From Michael Paquier
Subject Re: Return pg_control from pg_backup_stop().
Date
Msg-id abov3-Kre8ntiL-S@paquier.xyz
Whole thread Raw
In response to Re: Return pg_control from pg_backup_stop().  (David Steele <david@pgbackrest.org>)
Responses Re: Return pg_control from pg_backup_stop().
List pgsql-hackers
On Wed, Mar 18, 2026 at 04:05:24AM +0000, David Steele wrote:
> On 3/18/26 08:43, Michael Paquier wrote:
>> I was wondering if we should have an assertion at least to cross-check
>> that the contents we store in shared memory never go out-of-sync with
>> the on-disk contents, in the shape of a USE_ASSERT_CHECKING block that
>> calls get_controlfile() and memcmp()'s the contents between shmem and
>> the on-disk file, while the LWLock is taken.  We ship the control file
>> last on purpose, one reason being backups taken from standbys, so that
>> may be sensible to do.
>
> As far as I can see this should always be true -- I audited all the
>
> LWLockAcquire(ControlFileLock, LW_EXCLUSIVE)
>
> sections and the file is always saved once if is updated. Let me see if I
> can add this check without too much pain, e.g. an additional parameter.
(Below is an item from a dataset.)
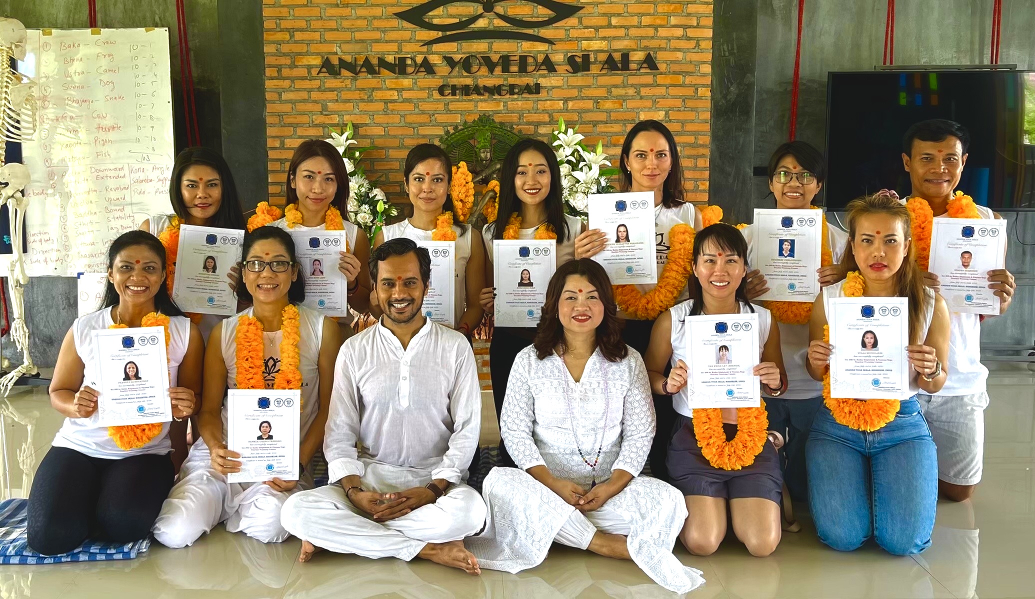 Ananda Yoveda Shala is a Registered Yoga School with Yoga Alliance (RYS200, 300, 500, RPYS & RCYS) and the Ministry of Education (Thailand), located in Phayamengrai, Chiangrai, Thailand. The school’s curriculum is accredited by the Ministry of Education of Thailand and Yoga Alliance. Our courses will give you all the required skills and confidence as well as an internationally recognized certification to teach worldwide (RYT200 Certification). The courses are taught and guided by highly experienced, dedicated and motivated teacher team.

This matches with my reads of the code.  The attached check, that can
be applied on top of your patches, passes under check-world.

>> Another property of the new control file flag that is implied in the
>> implementation but not documented is that we should never check for
>> backupLabelRequired when a backup_label is gone.
>
> I'm not sure what you mean here? That's exactly when we do want to check as
> below:

Sorry for the confusion, I meant that "we should never check for
backupLabelRequired when we have a backup_label".

> Using the pg_control copy from pg_backup_stop() is entirely optional and
> nothing is broken if vendors decide not to use it. This can be demonstrated
> by applying the 01 patch without 02. In that case the tests in
> 042_low_level_backup continue to run. You can also apply 01 and 02 and
> revert the test changes in 042_low_level_backup and that works, too.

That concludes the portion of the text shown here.